Перечисляя все поступки, которыми императрица заслужила симпатию Вольтера, не следует забывать и сделанную ею прививку против оспы в то время, когда даже в Сорбонне противились подобным мерам по религиозным соображениям. Кроме того, были еще жесты, обращенные непосредственно к литераторам. Екатерина пригласила Дидро и Д'Аламбера перенести печатание «Энциклопедии», подвергавшейся гонениям во Франции, в Ригу; она предложила Д'Аламберу должность наставника при своем сыне Павле; она выкупила библиотеку Дидро и затем назначила его библиотекарем пожизненно; она заказала русский перевод многих сочинений французских просветителей. Взятые вместе, поступки Екатерины объясняют, почему Вольтер счел возможным с чистой совестью утверждать: «…бывши одинаких с Вами мыслей о всех деяниях, ознаменовавших царствование Ваше, взирал на них как на происшествия, имеющия довольно близкое сходство с теми, кои я сам делал; ибо поселения всякого художества, хорошие законы и терпимость всех вер суть мои страсти»{90}. Как непременное следствие: «Вы, будучи вкупе Победительницею и Законоположницею, приуготовили Своему имени безсмертие»{91}.
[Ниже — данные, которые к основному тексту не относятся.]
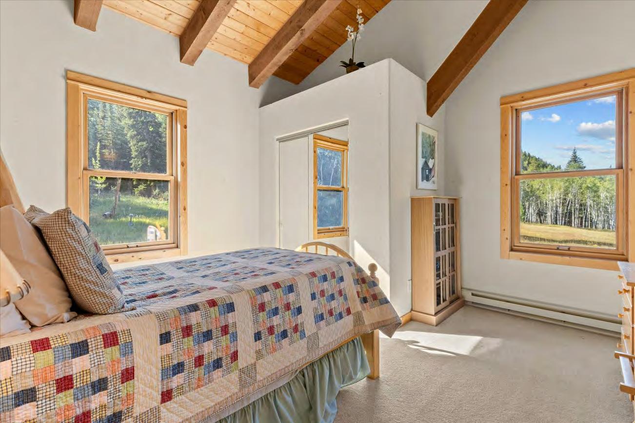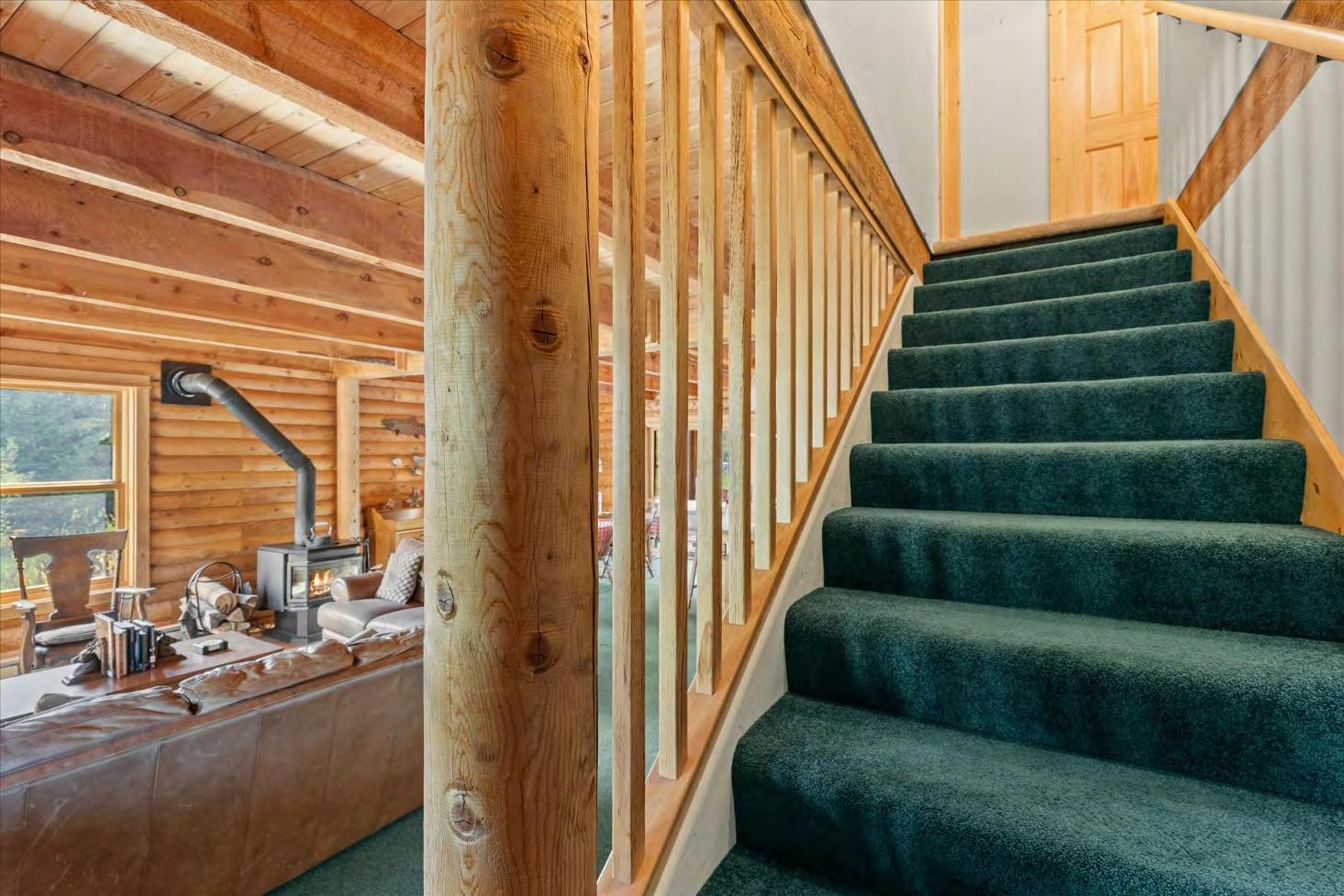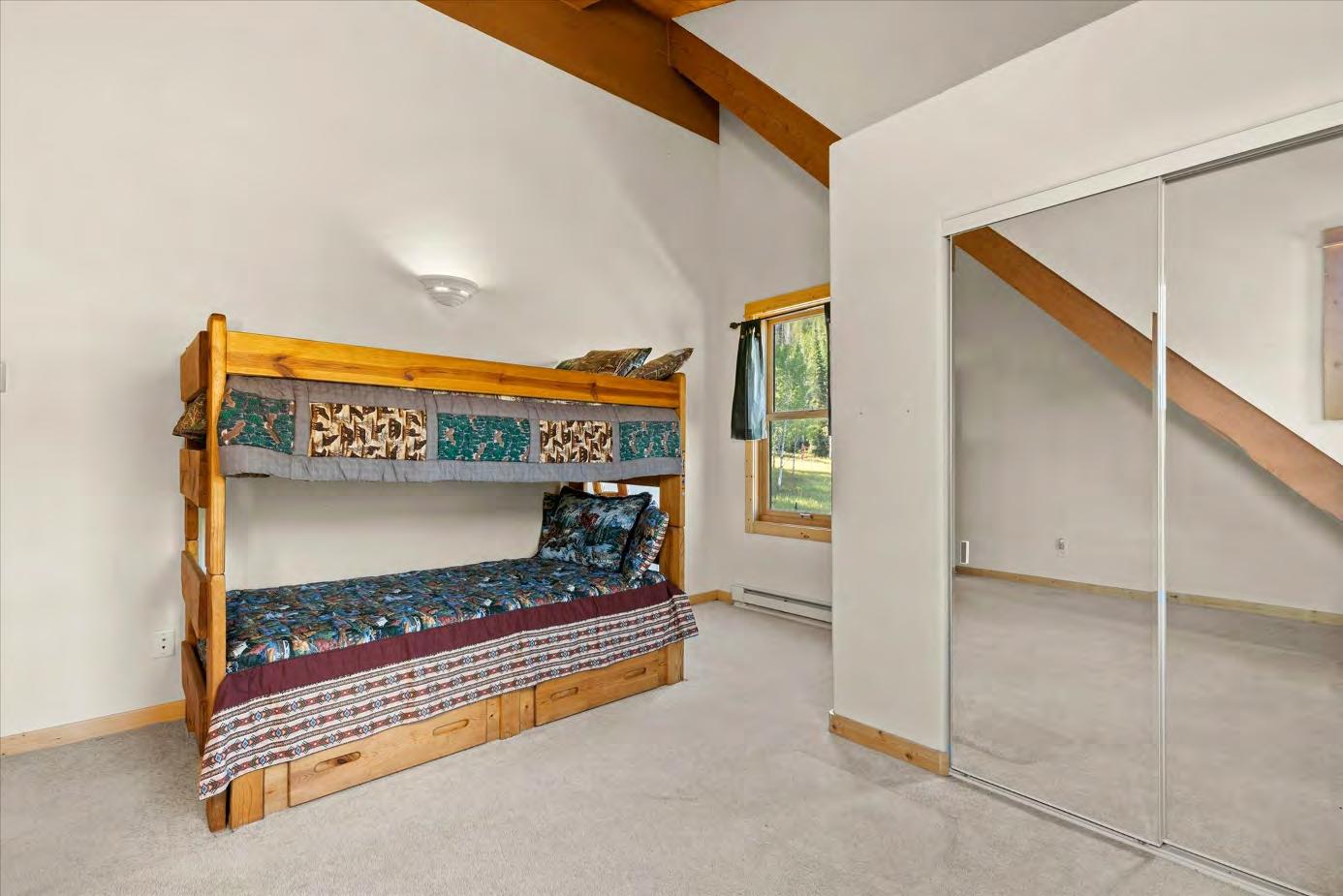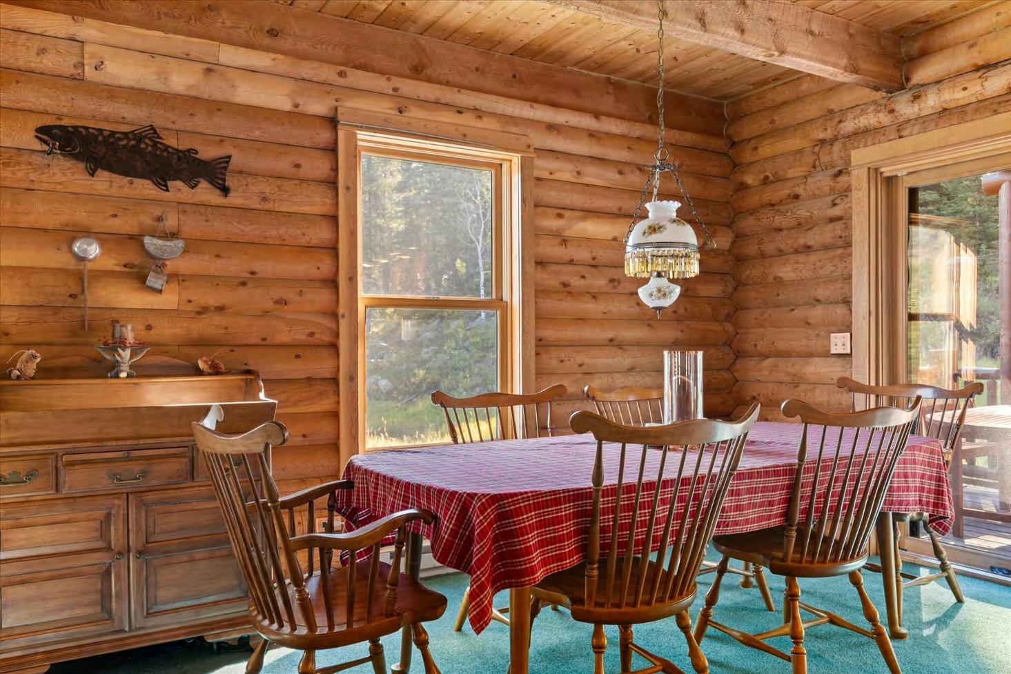 Reed Creek flows along the property,adding to theinviting setting. The inviting four-bedroom,three-bathroom home with a laundry/mudroom is highlighted by an expansive covered front porch,wheremornings are best spent sipping coffee,listening to the Elk River flowing by whilewatching wildlifemeander through the towering pinetrees.Thecabin has a nostalgic feel and boasts a wood-burning stove and tall wood beam ceilings to createa rustic and cozy feel.

Как видно из переписки, Вольтер запустил процесс обожествления императрицы уже при ее жизни. Его письма к ней полнятся игривыми выражениями преданности «Пресвятой Владычице Петербургской», чьи ноги он целует со всевозможным уничижением{92}. Вместе с Дидро и Д'Аламбером он возводит «алтари» своей богине, и закономерно, что он подписывает этот панегирик как «Храма Вашего Жрец»{93}. В другом письме он и Дидро — «светские верообращатели, проповедующие богослужение святой Екатерине»{94}. «Вашего Императорскаго Величества обожатель Вольтер» взывает: «…слава в вышних[!]»{95}. И он в состоянии служить ее культу, полностью осознавая, что «моя императрица никогда не совершит ни единого шага, который не вел бы ее к тому прекрасному храму памяти, что она себе воздвигла»{96}. Вольтер здесь, пожалуй, немного дерзок на язык, но его слова отражают символы, питавшие воображение обоих участников переписки.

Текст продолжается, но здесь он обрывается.